Question

The pH of a sample of $ {{H}_{2}}S{{O}_{4}} $ is $ 1.3979. $ The percentage of the solution is $ 73.5%\text{ }\left( w/w \right), $ the density of the solution is:
(A) $ 2.66\times {{10}^{-3}}\text{ }g/cc $
(B) $ 5.32\times {{10}^{-3}}\text{ }g/cc $
(C) $ 1.33\times {{10}^{-3}}\text{ }g/cc $
(D) $ 0.01\text{ }g/cc $

Answer 1

Hint :We know that the reaction of an acid and a base to form salt and water is called neutralization. First of all we shall calculate the milliequivalents of sulphuric acid and then its mass can be calculated. Then using the percentage composition, the density mass of the solution can be calculated.
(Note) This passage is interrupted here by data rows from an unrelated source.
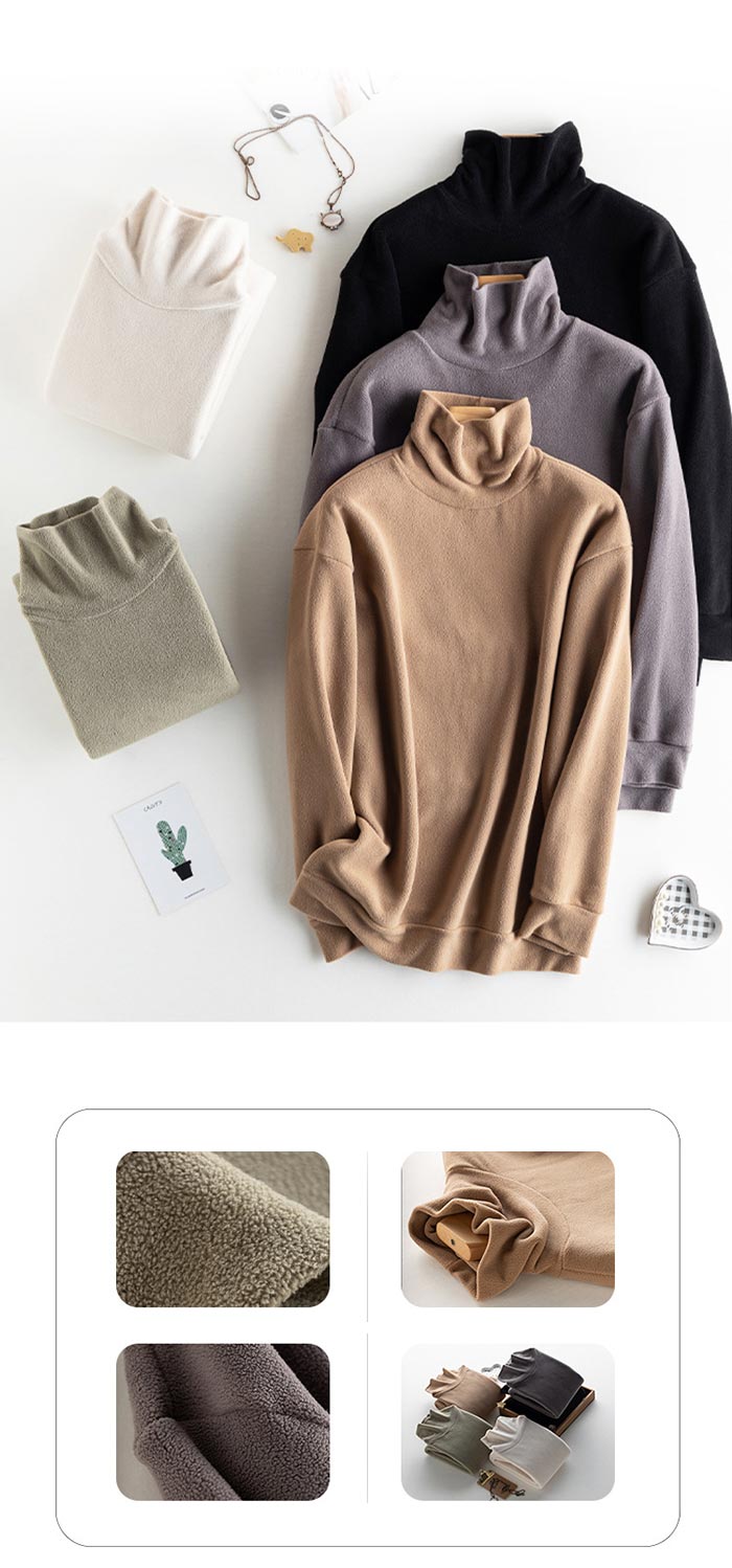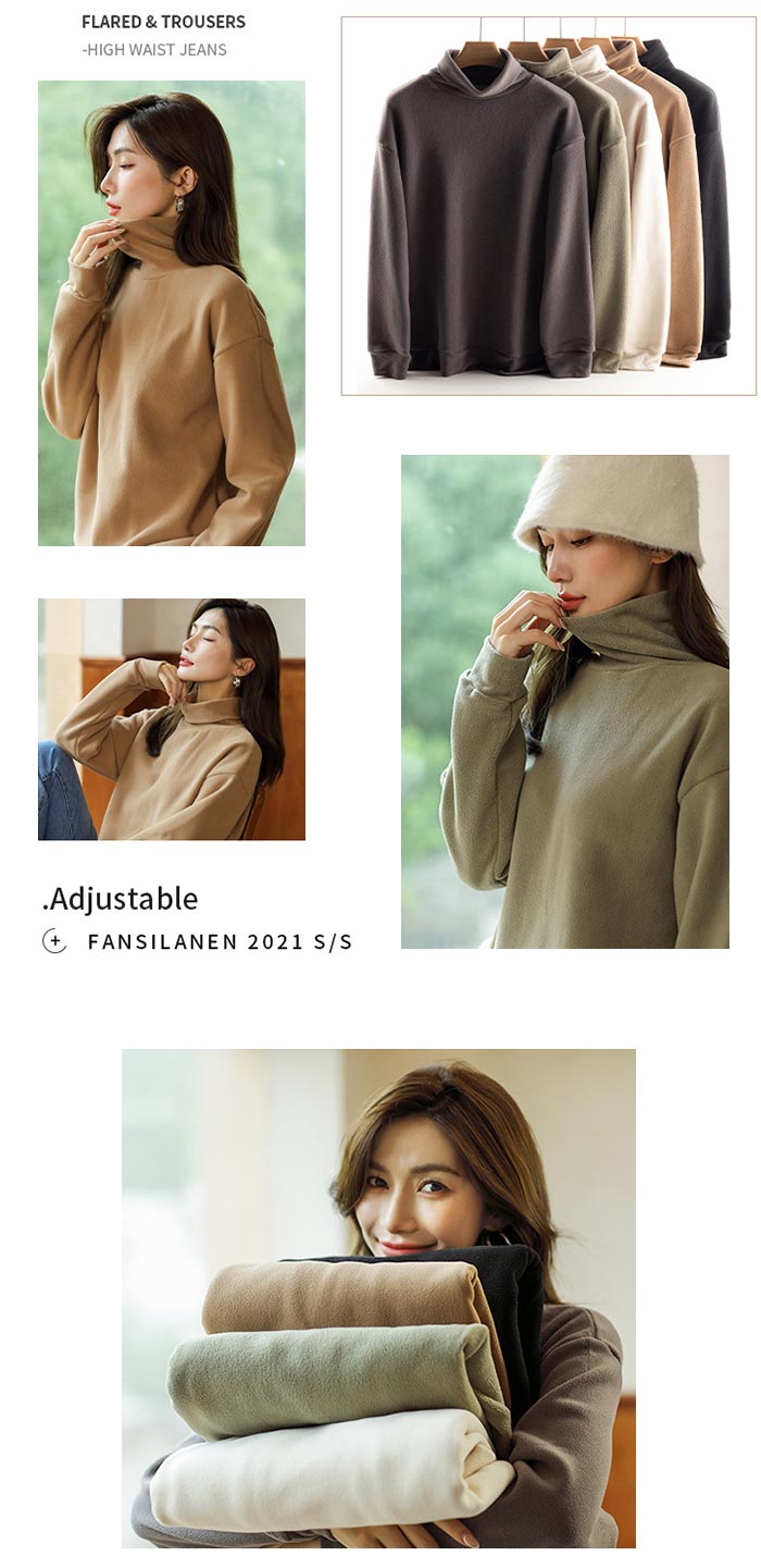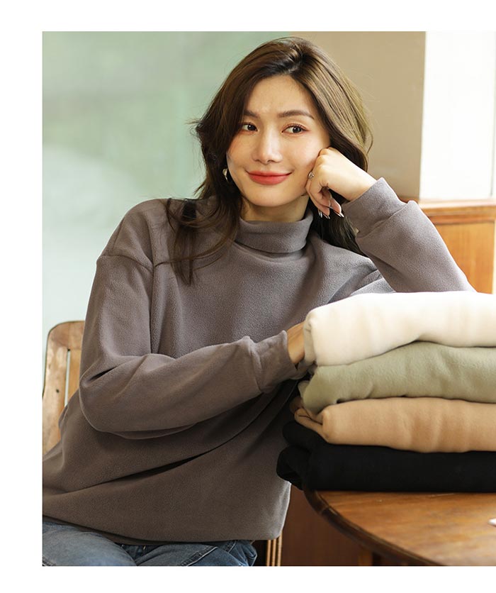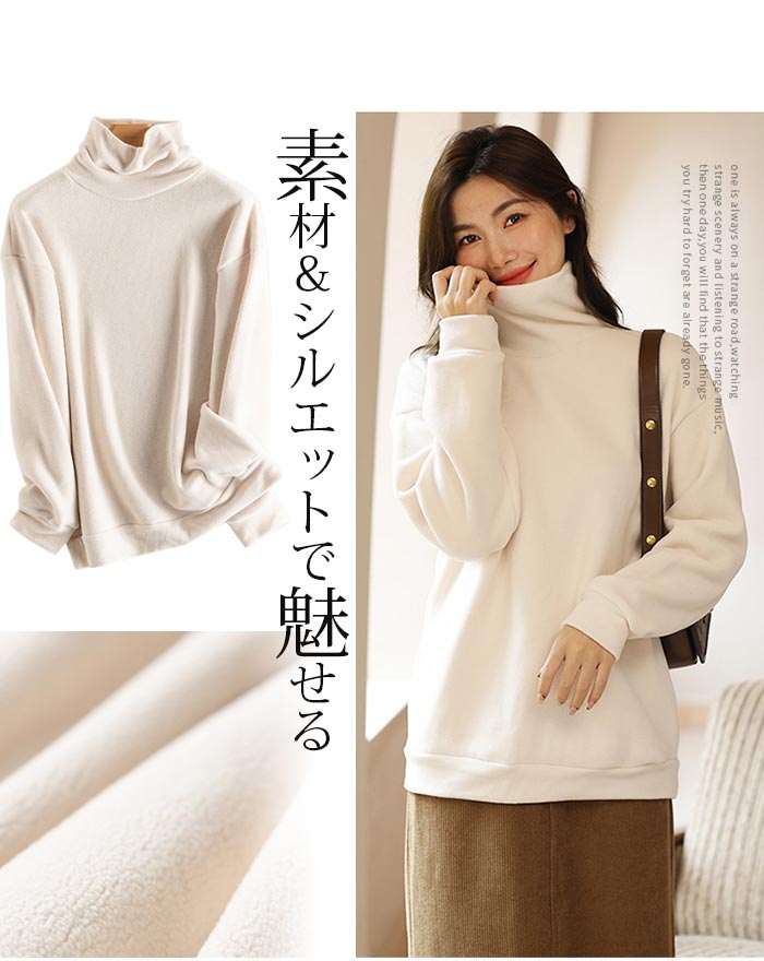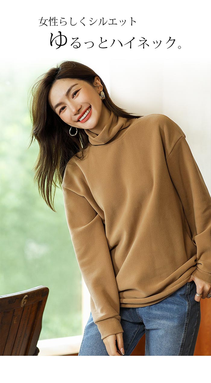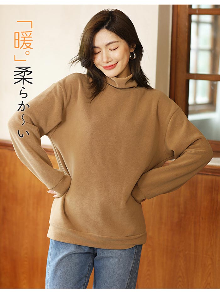 無地 シンプルなフリース レディースフリース タートルカットソー 長袖 レディース タートルネック 極上な着心地 ゆるっとしたタートル襟 タートルネックカットソー
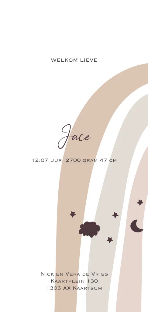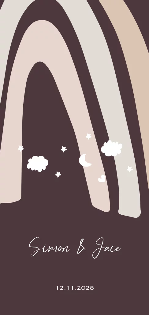 Dubbel langwerpig geboortekaartje voor een tweeling. Met aubergine kleur en regenboog in aardetinten. Alles is te bewerken.
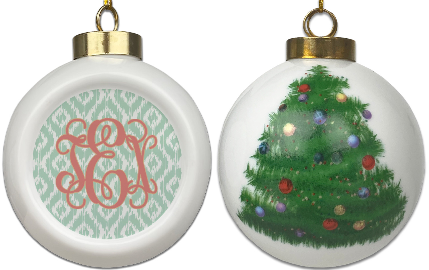 Our Christmas ornaments are a unique ceramic ball shape with a twist as it has a flat face to display your custom design! Select from one of our two design types - Christmas Tree or Poinsettia Garland - to adorn the curved back of your personal design. Each ornament measures 3H x 2.5W x 2D accompanied with a gold string accent for finishing touches to hang on your beautiful Christmas tree!
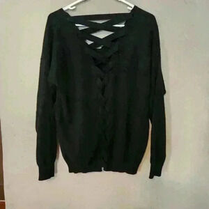 Aqua 100% cashmere sweater braided back V-Neck black size small
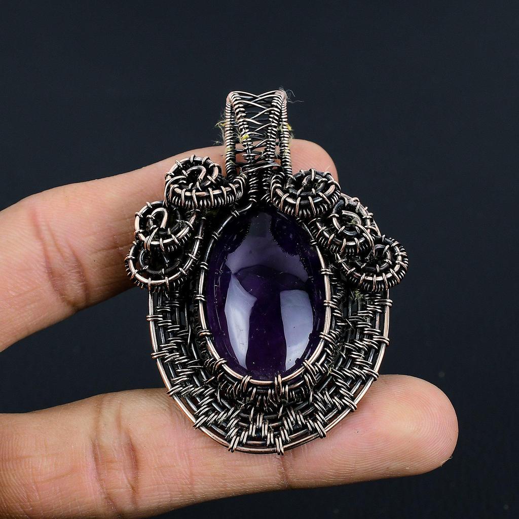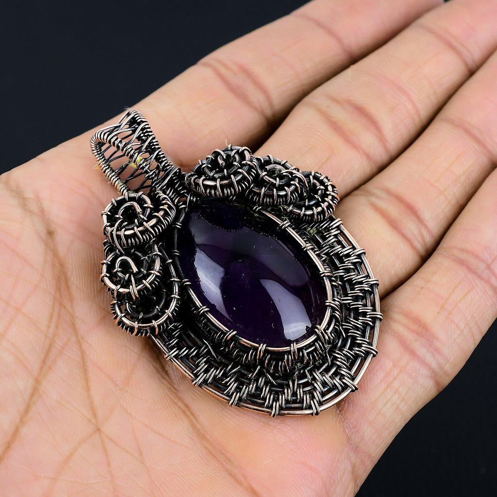 Аметистовый кулон, ювелирное изделие из драгоценного камня, кулон, обернутый медной проволокой 999 пробы, подарок для женщин, кулон ручной работы
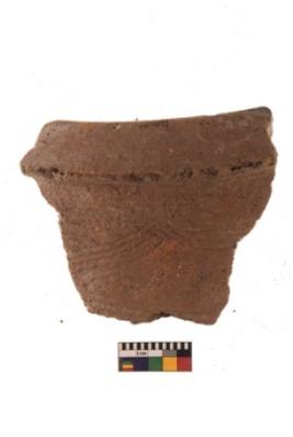 | Description / विवरण | Specimen of red ware with decorative Joined curves incisions. |
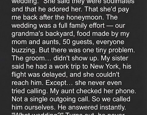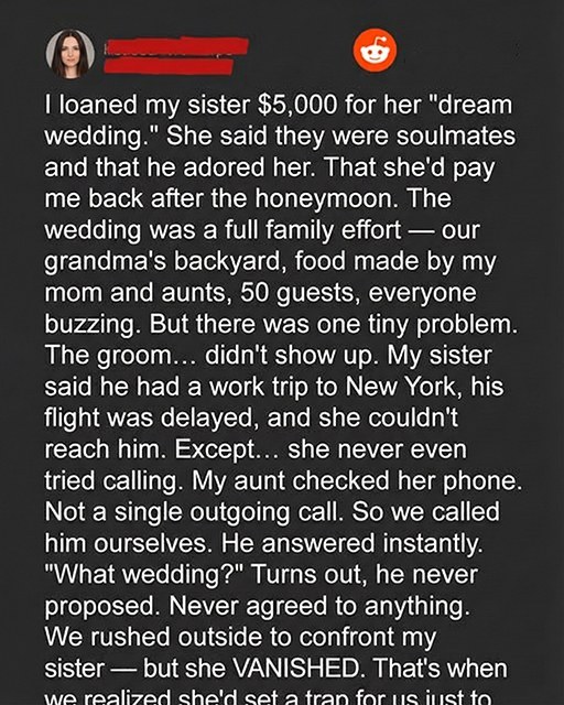 A fake wedding. And she used our trust to fund it. She disappeared with the money and the gifts.
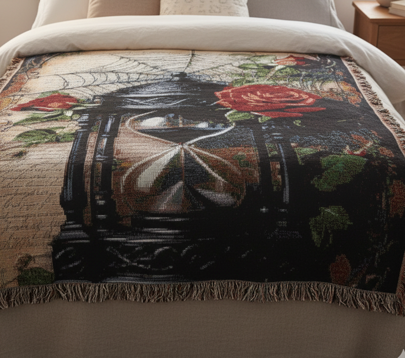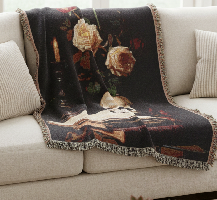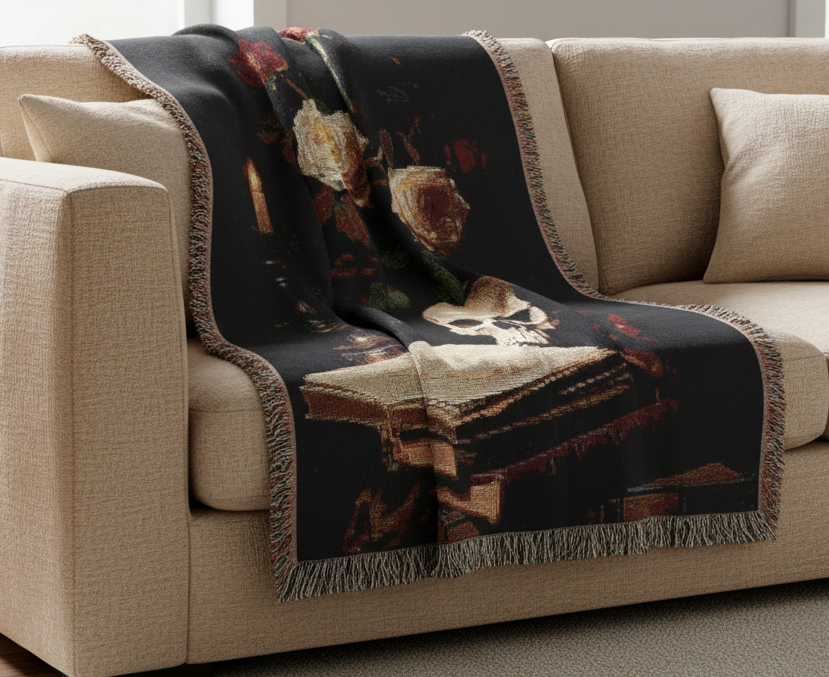 Absolutely obsessed with this blanket 🕯️📚 It feels cozy but also looks like a piece of art in my room. Perfect Dark Academia vibes!
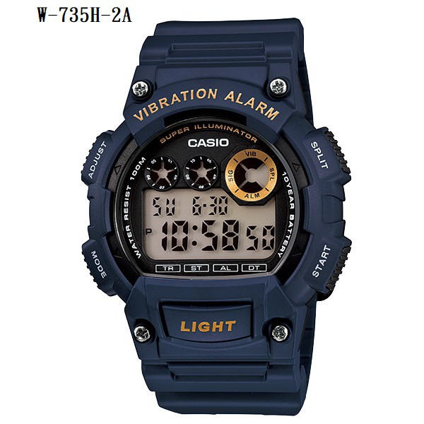 【CASIO】CASIO卡西歐防水運動錶 W-735H 震動鬧鈴 100米防水 台灣卡西歐保固一年

Complete Step By Step Answer:
Molarity and normality are units of concentration in chemistry. Molarity is defined as the number of moles of a solute dissolved in one litre of a solution. Normality: Normality is defined as the number of equivalents per litre of solution. In other words, it is a measure of concentration that is equal to gram equivalent weight of solute per litre of solution. The mass percentage of the solution is calculated by dividing the mass of the solute by total mass of solution multiplied by $ 100. $ The mass of sulphuric acid is calculated by the formula of density where mass is divided by the volume. N-factor basically defines the amount of the reacting species. The n factor varies as per the reaction and nature of the substance. It is also defined as the valency of the ions in the aqueous solution.
Given that, $ pH=1.3979 $ also we know that $ \left[ {{H}^{+}} \right]=0.04M $
 $ {{H}_{2}}S{{O}_{4}}_{\left( aq \right)}\to 2H_{\left( aq \right)}^{+}+SO_{4}^{2-} $
Since, $ \left[ {{H}^{+}} \right]=0.04M, $ hence $ \left[ {{H}_{2}}S{{O}_{4}} \right]=0.02M $ which is One Litre of solution has $ 0.02 $ mole $ {{H}_{2}}S{{O}_{4}} $
Let the density be $ D\text{ }gm/mL $ then mass of solution $ =1000\text{ }D $
 $ %\text{ }w/w\text{ }=\dfrac{0.02\times 98}{1000\text{ }D}=\dfrac{73.5}{100}. $
From here we get $ D=\dfrac{0.02\times 98}{10\times 73.5}\text{ }gm/mL $
On further solving we get; $ D=2.66\times {{10}^{-3}}\text{ }gm/cc $ .
Therefore, the correct answer is option A.

Note :
Remember that the mass of one mole of compound is equal to the molecular weight of the compound. During the reaction water is reduced therefore the mass is deducted to get the final weight of the water.